Was Saudi Arabia involved in 9/11 attacks ?

Was Saudi Arabia involved in 9/11 attacks ?

This post is also available in: heעברית (Hebrew)

15307176_mThat was expected. About fourteen years after the 9/11 attacks, there remains a disagreement among former and current U.S. intelligence officials on whether Saudi Arabia or individuals connected to the Saudi Royal family helped finance the attacks or had knowledge of the attacks before  it occurred.

In February, Zacarias Moussaoui, a convicted former member of al-Qaeda, claimed that he had high-level contact with officials of the Saudi government in the prelude to 9/11.

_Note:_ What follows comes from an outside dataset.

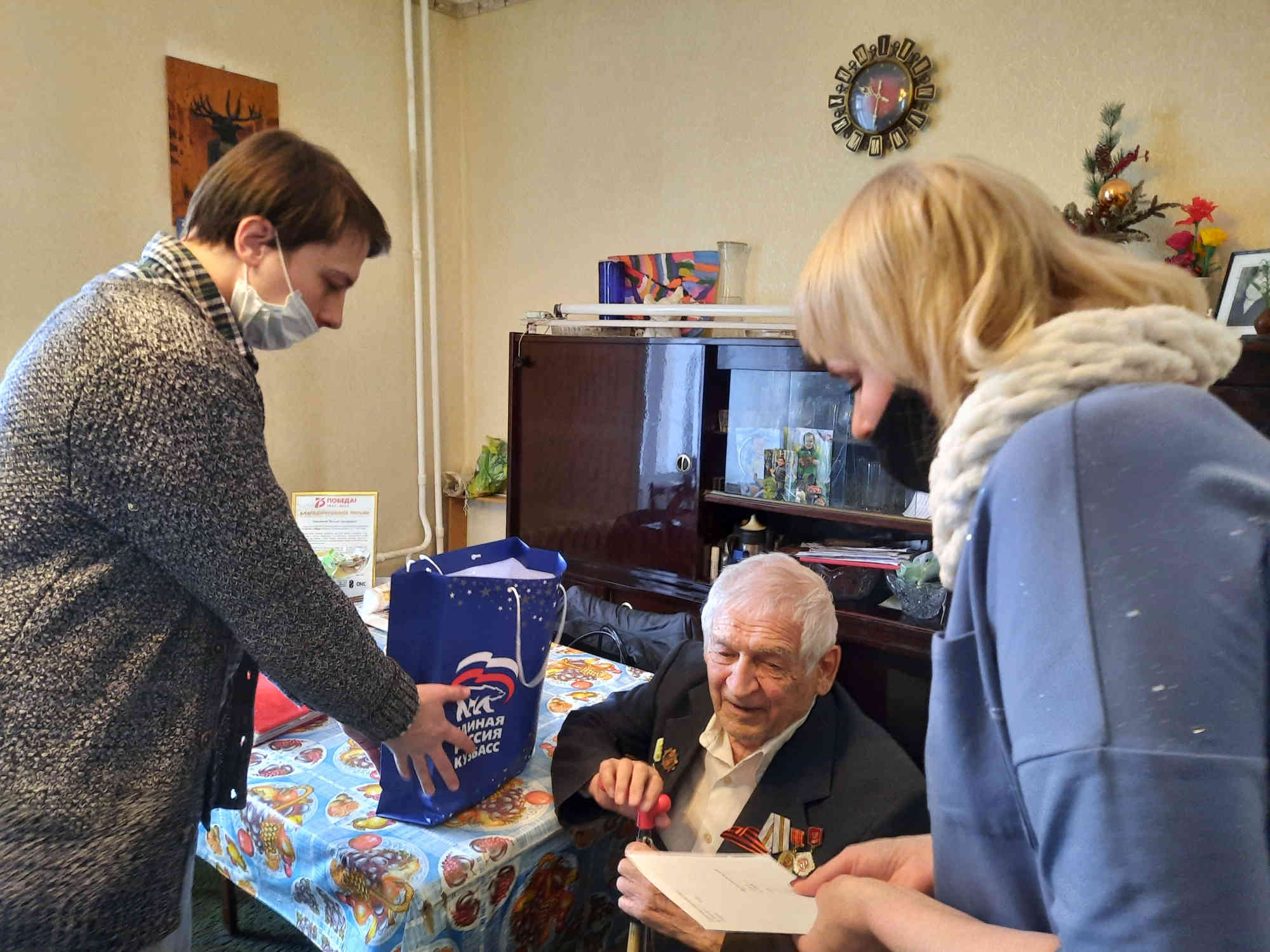 18 февраля 2021 года сотрудники МАУ «КЦСОН Кировского района г. Кемерово» совместно с членами партии Единая Россия поздравили с Днем Защитника Отечества участников Великой Отечественной войны Фролова С.К. и Николенко В.Г. Ветеранам были вручены продуктовые наборы.

According to HomeLand Security NewsWire , lawmakers and relatives of those killed in the attacks now want twenty-eight pages of investigation by congressional intelligence committees into the 9/11 attacks declassified, on the grounds that those pages may clear up confusion about Saudi involvement. “If we stop funding of terrorism and hold those people accountable, wouldn’t it make a dent in the financing of terrorism today?” asked William Doyle, whose son, Joseph, was killed in the World Trade Center.

According to the New York Times, Doyle said that President Barack Obama personally assured him during a 2011 meeting with surviving family members that the twenty-eight pages would be declassified. “He said: ‘Bill, I know about the pages. I promise I am going to get them released,’” Doyle recounted.

“I think it is the right thing to do,” said Representative Stephen F. Lynch (D-Massachusetts), an author of a bipartisan resolution encouraging Obama to declassify the section. “Let’s put it out there.”

Former Florida Senator Bob Graham (D-Florida), who co-chaired Congress’s Joint Inquiry into the 9/11 attacks, has called for the release of the report’s Part 4, titled “Finding, Discussion and Narrative Regarding Certain National Security Matters,” which focused on Saudi Arabia. President George W. Bush ordered it classified when the rest of the report was released in December 2002. “The 28 pages primarily relate to who financed 9/11, and they point a very strong finger at Saudi Arabia as being the principal financier,” Graham said earlier this year.

the commission followed up on the Saudi allegations, but reached a different conclusion. “Saudi Arabia has long been considered the primary source of Al Qaeda funding, but we have found no evidence that the Saudi government as an institution or senior Saudi officials individually funded the organization,” the commission said in its July 2004 report. It did note, however, the “likelihood that charities with significant Saudi government sponsorship diverted funds to Al Qaeda.”